← Back to context

Comment by reqo

1 year ago

> This ‘goal drift’ means that agents, or tasks done in a sequence with iteration, get less reliable. It ‘forgets’ where to focus, because its attention is not selective nor dynamic.

I don't know if I agree with this. The attention module is specifically designed to be selective and dynamic, otherwise it would not be much different than a word embedding (look up "soft" weights vs "hard" weights [1]). I think deep learning should not be confused with deep RL. LLMs are autoregressive models which means that they are trained to predict the next token and that is all they do. The next token is not necessarily the most reasonable (this is why datasets are super important for better performance). Deep RL models on the other hand, seem to be excellent at agency and decision making (although in restricted environment), because they are trained to do so.

[1] https://en.wikipedia.org/wiki/Attention_(machine_learning)

LLMs are fine-tuned with RL too. They are NOT simply next token predictors. RLHF uses whole answers at once to generate gradients, so it is looking further into the future. This might not be perfect but it is clearly more than focusing just 1 token ahead.
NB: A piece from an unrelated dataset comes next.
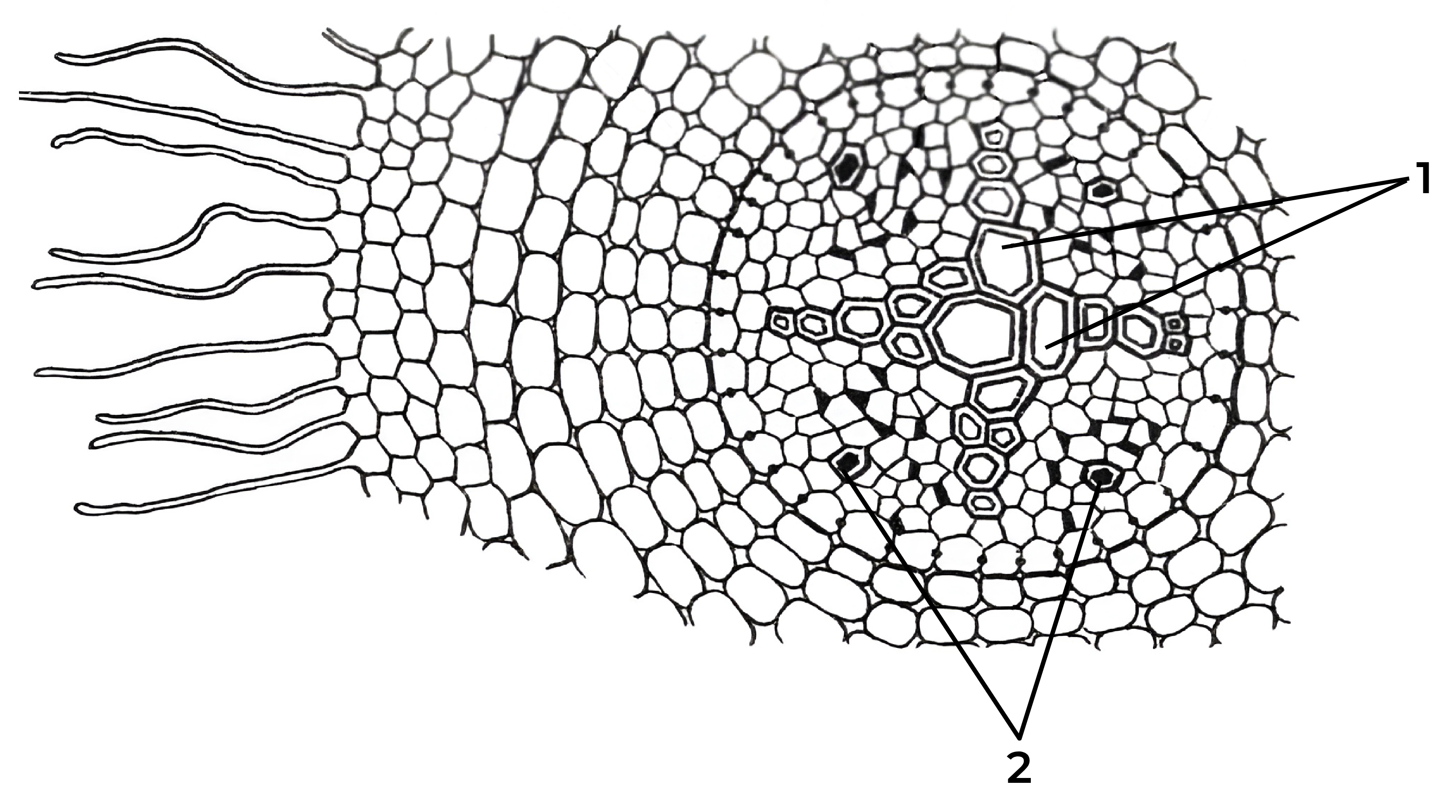 Назовите структуры анатомического строения корня, обозначенные на рисунке цифрами 1, 2. Укажите функцию каждой из них. В какой зоне корня сделан данный поперечный срез?

In the future the RL part of LLM training will increase a lot. Why am I saying this? There are two sources for learning - the past and the present. Training on human text is using past data, that is off-policy. But training on interactive data is on-policy. There is nothing we know that doesn't come from the environment. What is not written in any books must be learned from outside.
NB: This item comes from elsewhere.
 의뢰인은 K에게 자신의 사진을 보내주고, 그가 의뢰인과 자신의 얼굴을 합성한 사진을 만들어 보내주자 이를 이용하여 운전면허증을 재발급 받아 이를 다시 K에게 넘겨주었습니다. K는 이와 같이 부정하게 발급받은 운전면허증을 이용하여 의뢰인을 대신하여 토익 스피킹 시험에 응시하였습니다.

That is why I think supervised pre-training from human text is just half the story and RL based agent learning, interactivity in other words, is the next step. The two feed on which intelligence stands are language (past experience) and environment (present experience). We can't get ahead without both of them.

AlphaZero showed what an agent can learn from an environment alone, and LLMs show what they can learn from humans. But the world is big, there are plenty of environments that can provide learning signal, in other words feedback to LLMs.